Today was hard.  Brutal.  Sometimes being a mom is super hard.  Sometimes life in general is hard.  It doesn't mean that I'm failing as a mother or that I'm doing life wrong.  It is just hard, because it is.  As one of my favorite author's, Glennon Melton, says, "Life is brutiful."  So even though today there were tears and moments of panic where I thought I might literally lose all my hair because I will pull it out (and if there were any left, it would all be gray), there were also those moments through the day where Jesus whispered to me, "I didn't forget you.  I am right here with you.  I care about the little things that are on your heart."  And I am also fairly certain that he reminded me to take a lot of deep breaths.

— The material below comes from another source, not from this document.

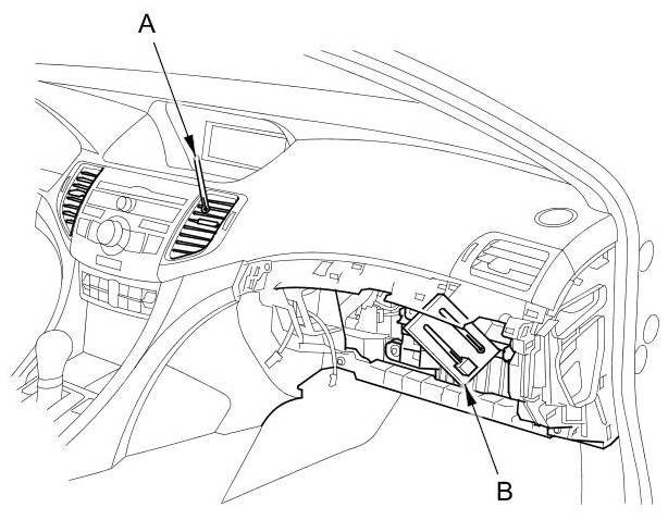 4. Remove the passenger's dashboard trim Passenger's Dashboard Trim Removal / Installation, then remove the glove box Glove Box Removal / Installation.

On a day where I was pretty sure everything that could have gone wrong did, he reminded me of his love in the little things like my oldest son asking if he was being a good helper to me.  Or my middle son demonstrating his truly loving heart (in between temper tantrums).  Or my toddler who I am pretty sure is trying to break me, showing me pure joy and giving me kisses that he is usually very stingy with after we had been apart a few [much needed] hours.  Or hearing my baby's beautiful heartbeat.  Or having my husband tell me to turn on a movie for the big kids and go take a nap.  (He is worth his weight in gold.)  Or maybe it's by showing me that the friends I am blessed with and sometimes feel distant from because we are all living this hard life really are right there when you need them the most.  Or maybe it's the friend who lets you cry like the crazy hormonal lady you are, but still makes you feel like your reasons are completely valid.  Or maybe it's the fact that I did hear Jesus when he told me to take those breaths.  Or getting to sit and watch my kid do his best or even struggle in something that he loves.  Those things, those are the way Jesus shows his love to me on these hard days.  So, who needs a burning bush?  The only fires I like include s'mores anyway.

As for tomorrow, I have hope.  It's going to be a great day.  Or maybe it'll be hard and brutal and crazy, but at least I know that even if it is, there will be beautiful miracle moments in there somewhere.  But maybe, just maybe if it is like today, I'll dig through the hard stuff and breathe in one of my miracle moments, small as it may seem.  I hope.